Akkusative object: expresses the worth assigned to the subject.
Das Bild ist den Preis wert. The painting is worth the price.
Genetive object: expresses if something is worthy of something, more as an idealistic than an actual worth.
Das Bild ist der Mühe wert. The painting is worthy of the effort.
The dative object is optional. It expresses the person who judges the worth or worthiness.
Das Bild ist mir den Preis wert. The painting is worth the price to me. (dative + akkusative)
Das Bild ist mir der Mühe wert. The painting is worthy of the effort to me. (dative + genetive)
Oftentimes, it is unclear if the objekt is genetive or akkusative. You can use the same words in the other case.
Das Bild ist die Mühe wert. (akkusative) The painting is worth the effort.
Das Bild ist der Mühe wert. (genetive) The painting is worthy of the effort. (seems to be genetive in English, too.)
With many wordings you can not distinguish between genetive and akkusative.
Das Bild ist viel wert. The painting is worth a lot. viel is the object although it doesn't even seem to be a proper noun. I would guess akkusativ.
"es" is a tricky one too. The actual genetive should be "seiner" or "dessen", but sometimes "es" takes over. For the original sentence I would stick with akkusative.
Die Woche ist es wert. The week is worth it. (not worthy of it.)
subject Die Woche kopula verb ist akkusative obect/pronoun es predicative wert.
It's not only a cr@p sentence, it is an ultra cr@p sentence. Totally meaningless in English.
Imagine a séminaire, or a trip to some remarkable wilderness, or a fashion or film week somewhere, or a week's spiritual retreat. It might be worth going to, or doing something of that ilk for a week.
The issue I and other English-speakers are having, is figuring out when/why you would use this sentence. For your examples, I would say, "That trip was worthwhile," or, "That trip was worth all the work I put in last week." I asked my German friend, who also teaches German, she said that it sounds as weird in German as it does in English. The sentences that sound correct to her were structured almost exactly as I did above. Maybe it's a regional thing?
Don't worry about it, die (or der, das) is sometimes translated to that.

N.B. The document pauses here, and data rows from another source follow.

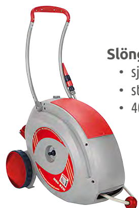
Slönguhjól WSR40M - vatn • sjálfvirk innhölun með pedala • stýring fyrir upprúllun • 40+2 m gúmmí slanga, Ø 12 mm 19.900 kr.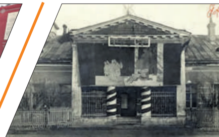
О БЫВШЕЙ МЫЗЕ С НАЗВАНИЕМ «КАПРИЗ»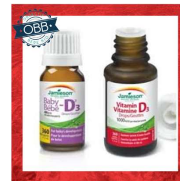
JAMIESON 400, 1000ui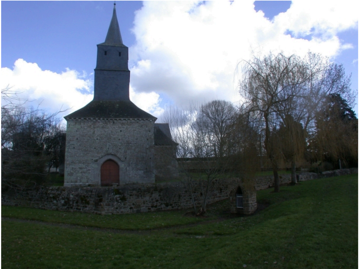
Façade clocher, vue Ouest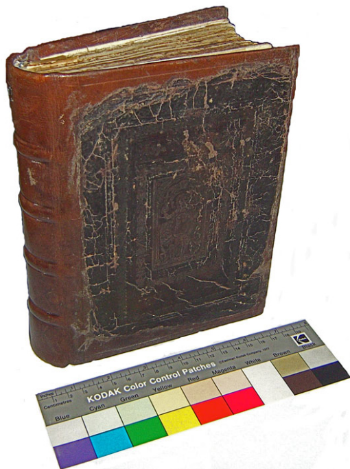
Kirchenbuch Hahnbach, Band 15

Ein Ortsfamilienbuch kann und soll eine Ortschronik nicht ersetzen. Für die Betrachtung der geschichtlichen Entwicklung der Region können diverse Arbeiten 3 , die Hahnbach behandeln, herangezogen werden.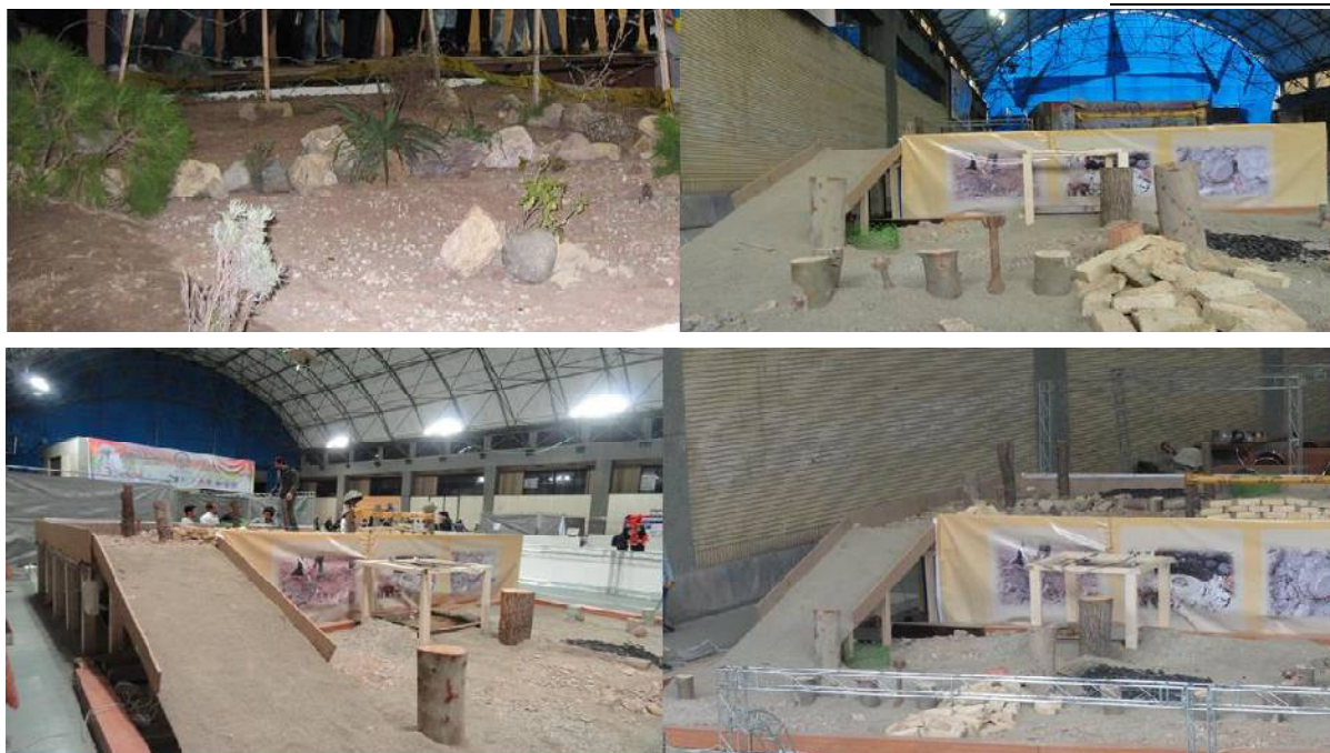
نمایی از زمین مسابقات در سالهای گذشته

What context? There is no context given. The sentence stands on its own and--much like many sentences offered for translation--leaves us wondering about what the larger conversation could be. However, the purpose of DuoLingo is not to tell a story but to teach German grammar and vocabulary.
If you'll read through the comments you'll see I provided a scenario where one might say "Die Woche ist es wert."

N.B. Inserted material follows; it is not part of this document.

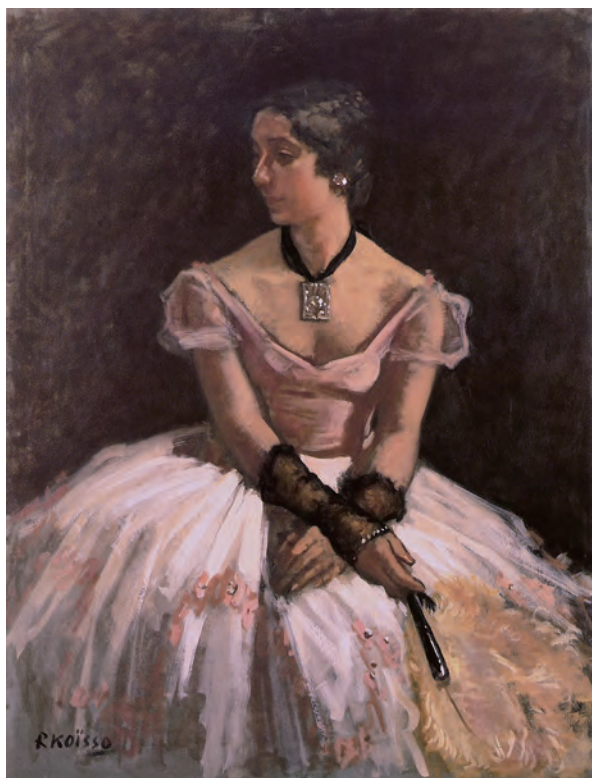
小磯良平《踊りの前》1934年 油彩・布 京都市美術館蔵

阪神間が生んだふたりの巨匠、小磯良平（1903ー1988）と吉原治良（1905ー1972）。彼らはほぼ同時代に地理的にきわめて近い位置において制作してきたにもかかわらず、その画業を同時に評価する機会は従来ほとんどありませんでした。本展では彼らの作品を時代ごとに並置し、それぞれの画業の再確認とともに、その対照性と類似性を明らかにします。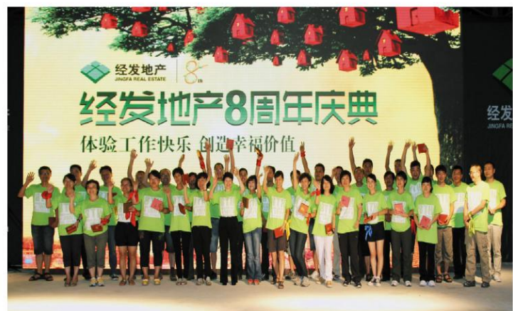
“磐石奖”员工合影留念

But since you're not trying to learn German "parrot-fashion", it really shouldn't matter if you can use this particular sentence as it is. Instead, use it as an example to understand how you can synthesize your own sentences, such as "Das Auto ist es wert," oder "Die Ausbildung ist es wert." The key is to recognize the structure: [etwas] ist es wert.
Das ist was die Eule hier lehrt.
In this case "wert" is a predicative adjective. The full verb would be "(etwas) wert sein". "Sein" itself is then a kopula verb that is not quite complete without a predicative. Predicatives are part of the verb and move to the end of the sentence as part of the verb bracket. You seem to alredy suspect that, so you are probably familiar with the concept of the verb bracket.

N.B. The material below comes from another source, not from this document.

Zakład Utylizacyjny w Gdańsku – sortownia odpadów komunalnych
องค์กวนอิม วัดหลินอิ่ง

So you do understand what the sentence means: you provided an alternate way of expressing the same thought.
But with regard to your never saying it the way die Eule chose to say it, DL is not trying to provide you with a library of canned phrases that you can use to express yourself. Rather, die Eule is attempting to teach us how to "speak" (which actually means "hear/read, understand, and respond") German. Although you might not ever say Die Woche ist es wert, you might hear someone else say it, and if so, should be able to understand. There is no chance I would ever say Ich bin schwanger, but I would like to understand if my wife or daughter said it.
You're missing the point. This is a language learning environment, so why use phrases like "That week is worth it" which is not normal English? There are so much better ways of modelling the language. The point I originally made was that this type of comment is something you would make in retrospect. "Yes, it WAS a difficult week, but with hindsight, it WAS worth it". You couldn't say that until afterwards, so therefore "The week IS worth it" is meaningless.